Measure Complexity Explanation
Time O(log n) Only ternary digits are processed
Space O(log n) Arrays store ternary levels

Since $3^{19} > 10^9$, each test case touches at most about twenty levels. Even with $10^4$ test cases, the total work is tiny compared to the limits.

Test Cases

import sys
import io

def run(inp: str) -> str:
    sys.stdin = io.StringIO(inp)

    def solve():
        input = sys.stdin.readline
        t = int(input())
        out = []

        for _ in range(t):
            n, k = map(int, input().split())

            digits = []
            x = n
            while x:
                digits.append(x % 3)
                x //= 3

            m = len(digits)

            pow3 = [1] * max(1, m)
            for i in range(1, m):
                pow3[i] = pow3[i - 1] * 3

            d0 = sum(digits)

            if d0 > k:
                out.append("-1")
                continue

            e0 = 0
            for i, d in enumerate(digits):
                if i > 0:
                    e0 += d * i * pow3[i - 1]
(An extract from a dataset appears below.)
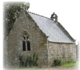
Ναοὶ τῆς Ὁσίας Ραδεγονδίας σὲ διάφορα μέρη τῆς Γαλλίας.
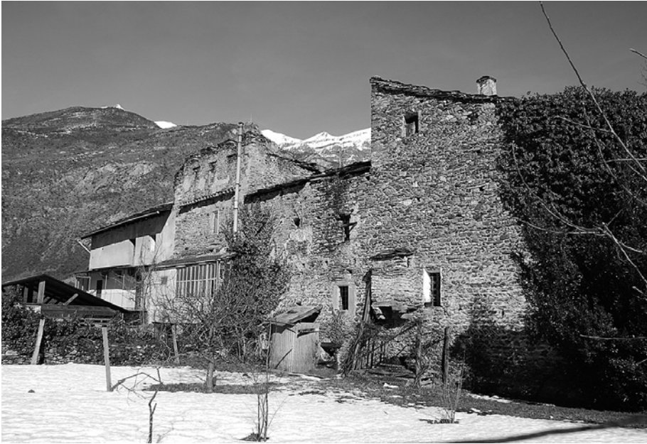
Susa, fraz. Traduerivi, fronte occidentale dell'insediamento munito.

            tmax = min(k, n)
            if (tmax - d0) & 1:
                d = tmax - 1
            else:
                d = tmax

            splits = (d - d0) // 2

            N = [0] * m
            N[-1] = digits[-1]
            for i in range(m - 2, -1, -1):
                N[i] = digits[i] + 3 * N[i + 1]

            reduction = 0
            s = splits

            for level in range(m - 1, 0, -1):
                take = min(s, N[level])
                reduction += take * pow3[level - 1]
                s -= take
                if s == 0:
                    break

            out.append(str(3 * n + e0 - reduction))

        return "\n".join(out)

    return solve()

# provided sample
assert run(
"""8
1 1
3 3
8 3
2 4
10 10
20 14
3 2
9 1
"""
) == "\n".join([
    "3",
    "9",
    "-1",
    "6",
    "30",
    "63",
    "10",
    "33"
]), "sample"

# minimum input
assert run("1\n1 1\n") == "3"

# infeasible
assert run("1\n8 3\n") == "-1"

# parity restriction
assert run("1\n3 2\n") == "10"

# large power of three, single deal
assert run("1\n9 1\n") == "33"
Test input Expected output What it validates
1 1 3 Smallest valid instance
8 3 -1 Minimum deal count already exceeds k
3 2 10 Reachable deal counts obey parity
9 1 33 Large power represented by one deal

Edge Cases

Consider:

1
3 2

The minimum representation uses one deal of size three. Splitting it produces three deals. The reachable deal counts are only 1 and 3. Since 2 is unreachable, the algorithm adjusts to the largest reachable count not exceeding 2, namely 1. The answer becomes 10.

Consider:

1
8 3

The ternary representation is $22_3$, which already requires four deals. The algorithm computes d0 = 4, sees that 4 > 3, and immediately outputs -1.

Consider:

1
20 5

The minimum representation uses four deals. Reachable counts are 4, 6, 8, ... . Since 5 has the wrong parity, the largest reachable count not exceeding 5 is still 4. The algorithm performs zero splits and returns the cost of the ternary representation. This correctly handles the parity constraint without searching representations explicitly.